The dancers were tasked with creating phrases of choreography; each was given four photographs from which to draw inspiration. “One of the directions the dancers got was to try to get inside Martha’s head, and part of their direction was really to stay in the Graham world,” Eilber said. “They could be creative about it, but to stay in Martha’s brain. Graham is in their bodies.”

And their archival resources, many discovered by Neil Baldwin, author of the forthcoming “Martha Graham: When Dance Became Modern,” were extensive. Of the photographs, most valuable were those by Fraser, who had great access to the company at the time: He was dating Graham dancer Nelle Fisher. His pictures ended up with the Graham organization a few years ago after Fraser’s son discovered them.

Those images, captured at a 1937 concert — “Robert was in the front row, snapping away,” Eilber said — were part of the reason she thought the solo could be reimagined: His contact sheets show the order of Graham’s poses.

Judging by photographs, which feature Graham in a torso-hugging white top and a long black skirt — “I wore my hair in a new way, like a bull-fighter’s cue [queue], tied with a narrow red ribbon,” she wrote to Cowell — the dance was passionate, daring and full of power. Limón wrote of Graham’s “consummately sinuous torso, the supple, beautiful arms, the hands flashing like rays of lightning,” and her head “thrust forward in defiance, or flung back, far back, as in a despairing cry.”

In the photos, Graham’s positions show her holding her arms high overhead. There is a punch with an arabesque and poses on the knee, which resonate today.

Eilber also provided dancers with photographs from the Spanish Civil War; several feature a fist salute with the thumb not in front, but to the side of closed fingers. “It’s the fist that Martha’s using in the punch arabesque, and it’s the fist that protesters are using right now,” Eilber said.

As the videos dance along the screen there are at times multiple dancers and in other moments only a soloist; it’s hypnotic, as is the score. Rountree said he was inspired by Graham’s oath to remain upright and created space for contemplation as well as action. “In terms of the melodic content, I really wanted something to feel like this thing kept trying to get energy, and the energy keeps getting sucked out of it,” he said. “And then there’s this other music, which is kind of spacious and just chords.”

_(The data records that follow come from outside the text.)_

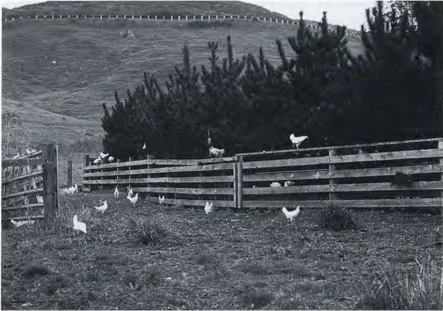
Chickens were raised at Green Gulch for a time.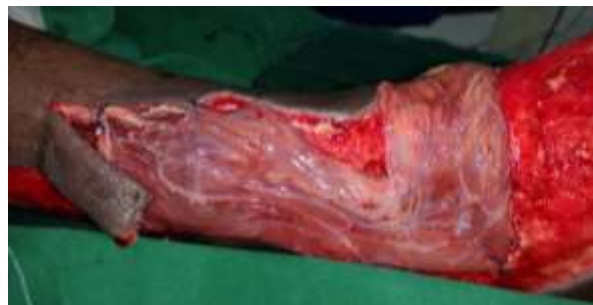
Fig. 4b: After gracilis flap cover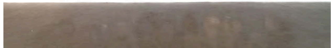
Platter / Scatter , 2019 found silver-plated platters, 255 x 102 x 2"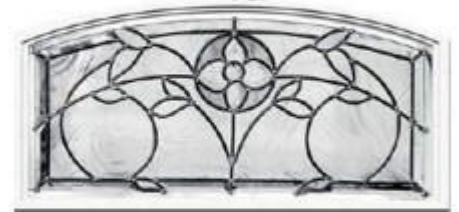
Y SEG 2614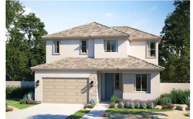
DESERT PRAIRIE ELEVATION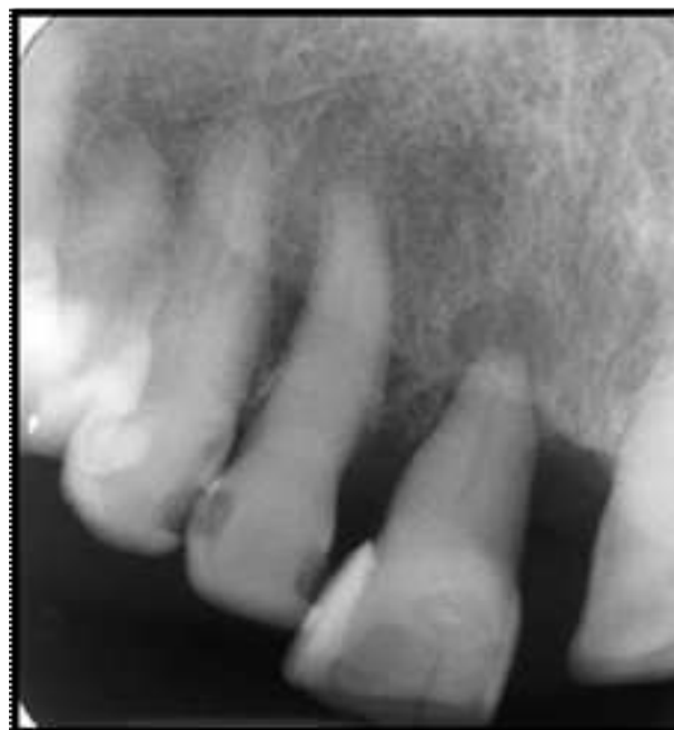
Fig 2. Tooth 11 presented with extensive periodontal probing and mobility. The tooth was planned for extraction because of poor periodontal prognosis, despite the probability of a favourable endodontic prognosis (Marshall, 1979).

The selection of cases for endodontic therapy should take into consideration the prognosis of the endodontic, restorative and periodontal procedures (Friedman, 2004). The flow chart (Fig 1) provides a diagrammatic outline of the decision-making process for treatment planning in endodontics. Once appropriate diagnostic tests have confirmed the pulpal and periradicular diagnosis, immediate treatment of the tooth may be required if relief of painful symptoms is needed. For a patient in pain, the dominating concern by the dentist is whether endodontic treatment will rapidly and predictably eliminate the patient's pain and discomfort (Montgomery, 1986). Following stabilization of the tooth, the dentist should exercise caution in deciding whether the tooth concerned has a good or poor prognosis.

Along with the music and dance, there is a third creative element at play: the choreography of the film itself. For that, Eilber worked closely with Ricki Quinn of the Soraya who is in charge of digital design and editing the videos, which were shot indoors. “This dance is about space and the restraint is something you can use,” Eilber said. “Part of this exercise is that we are restrained: That works for COVID, and now it works for the racial injustice theme as well.”

And the experiment also showed Eilber something about her dancers, like who has an affinity for choreography. Williams, for one.

“I got to mix my movement style with Martha,” Williams said. “I had to picture if I was Martha, what would I do? Which was pretty insane. But instead of trying to create Graham shapes, I tried to think of it in a very broad sense. The way she choreographed was pretty crazy. She would make sounds and she would sort of swing herself through the air.”

It helped guide her as she came up with movement. “It’s a feeling that causes me to move as opposed to creating shapes,” Williams said. “I started doing the move from the picture, and then I just kept going with it and saw where it took me. Sometimes I would get disoriented. I definitely flung myself through space. It was a lot of going wherever my body took me.”